Great Information about cross trainer









Don't neglect that old standby, walking. It's one of the best ways to exercise, and your only expense is a pair of supportive shoes. Walking is easy on your joints, it lifts your mood, and it rewards your heart, lungs, and waistline if you keep up a brisk pace. Walk to work if possible, or if you have a desk job, take a brisk walk on one of your breaks and refresh body and mind for the rest of your workday.

If you really want to help your heart and use calories efficiently, many fitness experts say it pays to exercise in your target heart rate zone. Your target zone depends on your age and your fitness level. The total range (from low to high fitness) varies from roughly 55 to 85 percent of your maximum heart rate. If you're just starting to exercise, aim for the low end of the range (55 to 60 percent of your maximum heart rate) to promote heart health. As you get more fit, aim for the middle of the zone (70 to 75 percent of your maximum heart rate) to promote higher aerobic activity and fat burning.

The bottom line to equipment, classes, and videos is that if they get your heart rate elevated and keep it there, then it's aerobic and it counts!There you have it. Aerobic exercise is awesome stuff! It strengthens your heart, makes your muscles stronger and more efficient fuel-burners, increases your endurance and your energy, improves your mood, makes you fit and healthy, and much, much more. It could take as little as 30 minutes out of your day for a tremendous payoff so I suggest giving it a shot. Follow my advice for getting started by doing only what is realistic and build up slowly. You have only health and fitness to gain, and you're worth it.
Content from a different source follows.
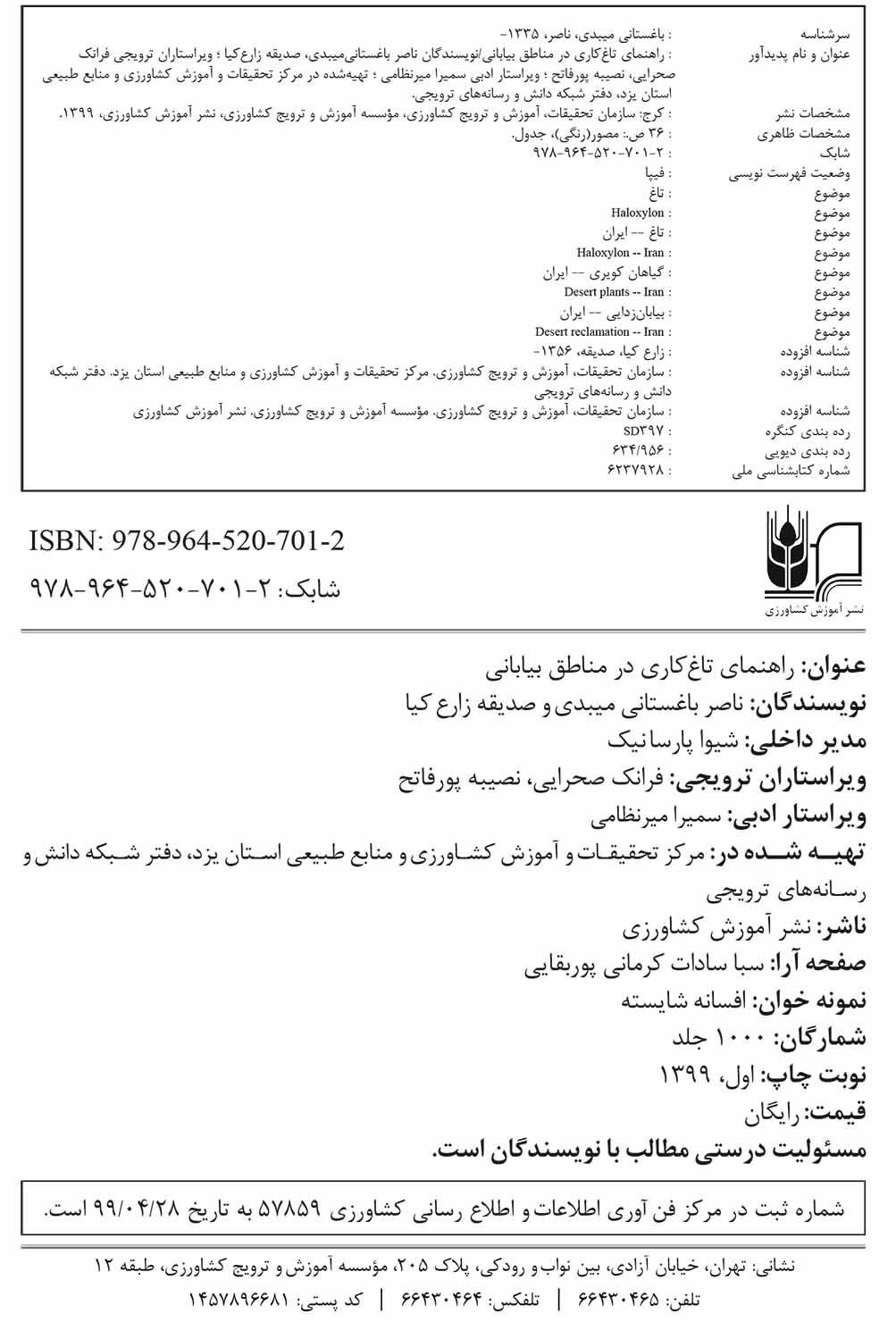 مشخصات نشر کرج: سازمان تحقیقات، آموزش و ترویج کشاورزی، معاونت ترویج، نشر آموزش کشاورزی، 1399.

You'll know you're in your zone if it's hard for you to carry on a conversation while exercising. If you feel totally out of breath, you should stop and rest. On the other hand, it shouldn't feel like a stroll in the park either! If you're seriously interested in keeping track of your heart rate while exercising, you might consider a heart-rate monitor, a little gizmo that straps onto your chest and sends a signal to a watch-like device on your wrist.